Au-delà de la crise actuelle, différentes pressions sociales et environnementales vont par exemple atteindre un point critique au cours des dix ans à venir :

  • Le changement climatique va transformer l’environnement physique ou l’économie mondiale. Le Groupe d’experts intergouvernemental sur l’évolution du climat a averti qu’il nous reste une décennie pour réduire de moitié environ les émissions de gaz à effet de serre au niveau mondial. Faute de se détourner des énergies fossiles, le monde sera confronté à l’aggravation des dommages matériels, à la montée du niveau des océans, à la perte de terres agricoles et à des conditions météorologiques plus volatiles. Dans les années 1960, les émissions étaient inférieures de moitié à leur niveau actuel. Revenir au niveau d’alors d’ici 2030, où la population mondiale sera plus de deux fois supérieure et la production économique près de dix fois plus importante, va imposer une réallocation massive du capital qui bouleversera tous les secteurs d’activité.
  • Les avancées technologiques vont transformer le rôle des travailleurs. Selon PwC, l’intelligence artificielle pourrait menacer 30 % des emplois d’ici les années 2030, exigeant de nouvelles compétences et rendant caduques les fonctions existantes. Des changements comparables à ceux qui se sont déroulés sur plusieurs siècles pendant la révolution industrielle devront intervenir en moins d’une génération.
  • L’agitation sociale met en péril la stabilité politique et les systèmes économiques. Elle atteint déjà des niveaux inédits à travers le monde. Les pressions accumulées ces dix dernières années aboutissent à des points de rupture tant dans les pays développés que les émergents. Les pouvoirs publics doivent réagir en prenant des mesures pour rééquilibrer les conditions économiques qui alimentent les inégalités sociales, faute de quoi le changement leur sera imposé.

L’un ou l’autre de ces scénarios aura un impact majeur sur l’économie et les différents secteurs d’activité. Pris ensemble, ils constituent un alliage susceptible de transformer les marchés financiers et de refondre le secteur de l’investissement. Il sera essentiel de comprendre ces tendances et d’aligner les investissements en conséquence. L’investissement durable n’est plus un choix, mais devient une exigence.

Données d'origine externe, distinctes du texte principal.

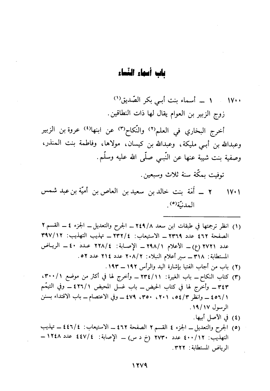 1700 - أَسمَاء بنت أبي بكر الصّديق زوج الزبير بن الْعَوام يُقَال لَهَا ذَات النطاقين أخرج البُخَارِيّ فِي الْعلم وَالنِّكَاح عَن ابْنهَا عُرْوَة بن الزبير وَعبد الله بن أبي مليكَة وَعبد الله بن كيسَان مَوْلَاهَا وَفَاطِمَة بنت الْمُنْذر وَصفِيَّة بنت شيبَة عَنْهَا عَن النَّبِي صلى الله عَلَيْهِ وَسلم توفيت بِمَكَّة سنة ثَلَاث وَسبعين
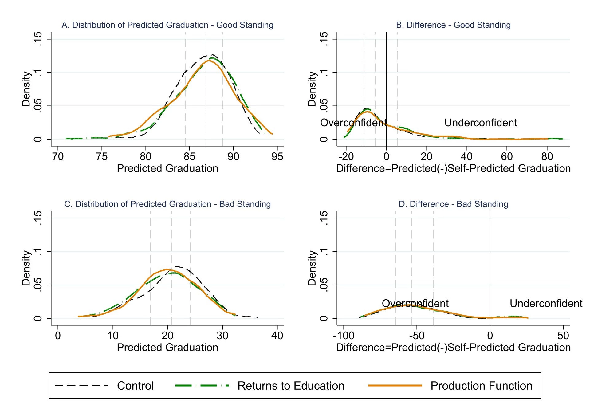 Evidence in economics and psychology shows that individuals tend to overestimate the probability of important outcomes leading to suboptimal decisions, especially for unskilled individuals (Choi et al, 2014). To analyze this concern, in the baseline survey I asked students for their perceptions of the likelihood that they will graduate on time. I compare this subjective measure with the estimated probability of graduation based on observable characteristics to create an indicator of confidence. I separate the students into two groups according to their academic standing at the beginning of the senior year: in good standing (those without failed subjects from previous years) and in bad standing (with failed subjects that need to be passed along with the subjects of the senior year). In Panel A and C of Figure 1, I show the distribution of the objective measure of confidence by treatment arm. Panels B and D show the difference between predicted graduation likelihood and self-reported perceived likelihood. Overconfidence is widespread for both groups of students. The concern is that those who over-estimate their likelihood of graduating at a given academic level may mistakenly underinvest in the actions needed to reach the finish line (to graduate).
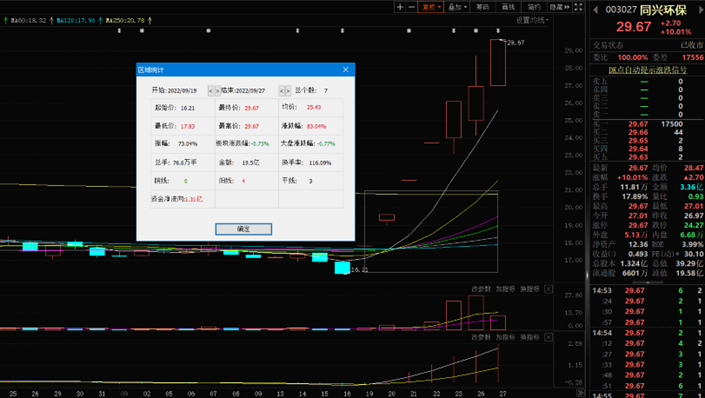 9月27日,同興環(huán)保漲10.01%,報29.67元。該股自9月19日以來,截至9月27日已連續(xù)7個交易日上漲,累計漲幅達83.04%,其中6個交易日漲停價報收。該股最新A股總市值達39.29億元,A股流通市值19.58億元。

SustainEx : notre outil d’investissement novateur

Les impacts d’ampleur croissante requièrent également une réflexion créative et des outils d’investissement plus robustes. Les notations ESG normalisées, les évaluations subjectives et les règles générales complaisantes doivent être remplacées par de nouvelles approches. Il s’agira de définir et d’évaluer la durabilité des entreprises, de les quantifier et de les comparer, de construire des portefeuilles idoines et d’aider les investisseurs à en comprendre l’impact.

Nous avons pour notre part investi massivement dans le développement d’outils conçus pour aider nos analystes, nos gérants de fonds et nos clients à affronter les turbulences qui s’annoncent. L’an dernier, nous avons présenté notre outil SustainEx, élaboré pour quantifier les externalités sociales et environnementales des entreprises, exprimant en valeur monétaire leur impact sur la société. Nous avons déployé ce modèle, qui couvre désormais plus de 10 000 entreprises, ce qui nous permet d’évaluer de façon objective leur impact et les risques auxquels elles font face sous un angle économique.

Un retour de balancier

Ce périple va se poursuivre. Ces dernières décennies, les investisseurs se sont majoritairement focalisés sur l’analyse détaillée des données financières, mettant l’accent sur les profits des entreprises, la manière dont elles les réalisent et leur soutenabilité. Le balancier revient désormais en arrière ; les gérants d’actifs doivent plus que jamais repenser leur approche d’investissement.